For iontophoresis mode, arrays 11 and 12 are submerged in a first liquid 47 and a second liquid 48 contained in reservoirs 3 and 4, respectively. The composition and number of the electrodes will depend on the treatment desired, as will the composition of the liquid and any medicament added thereto. First and second liquids 47 and 48 can be any type of solution or gel, as is known in the art. Preferably the liquid is water in both vessels, but each of the liquids may be different. One or both of the liquids may contain a medicament or other positively or negatively charged chemicals. The present device allows positively or negatively charged chemicals to be driven through a patient's skin in either first reservoir 3 or second reservoir 4. Each of reservoirs 3 and 4 are large enough to accommodate the desired parts of a patient's body, such as a patient's hands or feet. The reservoirs 3 and 4 are preferably made of a substantially electrically non-conducting material such as plastic or doped ceramic. The reservoirs may be thermally conductive, and may act to dissipate heat.
FIG. 7 illustrates the preferred embodiment in which a patient's feet 41 are submerged in liquid filled reservoirs 3 and 4. The liquid in first reservoir 3 contains a positively- or negatively-charged medicament or other chemical to be transported through the patient's skin and into the body. First array 11 attaches to control box 50 by inserting male plug 33 into a female port 57 to access the direct current source. Similarly, second array 12 attaches to control box 50 by inserting male plug 34 into a female port 58 to access the direct current source. The current applied to one or both arrays may be as much as the direct current source can supply, but is preferably less than 2 amps, and more preferably 50 milliamps or less.

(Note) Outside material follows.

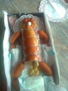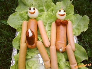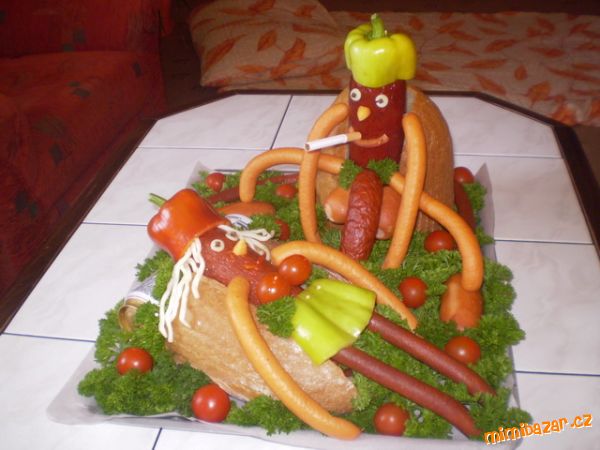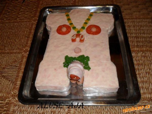 Kreativní autorka nezapomněla ani na předkožku z plátku šunky a petrželkové pubické ochlupení

In one embodiment of the present invention, the medicament in the first reservoir 3 is positively charged. After the device is turned on and the treatment protocol selected, first array 11 is positively charged and second array 12 is negatively charged. As a result, a current passes through the patient. The positively charged medicament is driven away from the first array 11 and toward the second array 12, thereby being transported through the patient's skin. In another embodiment, the medicament in the first reservoir 3 is negatively charged and the first array 11 is negatively charged while second array 12 is positively charged.
Further, with respect to each array, which electrode is positively or negatively charged can be selected as well by a patient, physician or other user through user interface 54. For example, if a particular medicine responds better when a copper electrode is charged, the copper electrode can be selected. Alternatively, if a particular medicine responds better when a nickel electrode is charged, the nickel electrode can be selected. Any of the first, second or third electrodes can be selected for charging. Alternatively, two of the electrodes can be charged and not the third, or all of the electrodes can be charged at the same time. This allows a user to choose the best delivery method for a given medicine without having to substitute different arrays.

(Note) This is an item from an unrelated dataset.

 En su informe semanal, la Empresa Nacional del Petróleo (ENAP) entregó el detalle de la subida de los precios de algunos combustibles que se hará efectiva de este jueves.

While there has been illustrated and described what is at present considered to be the preferred embodiment of the present invention, it will be understood by those skilled in the art that various changes and modifications may be made and equivalents may be substituted for elements thereof without departing from the true scope of the invention. Therefore, it is intended that this invention not be limited to the particular embodiment disclosed, but that the invention will include all embodiments falling within the scope of the appended claims.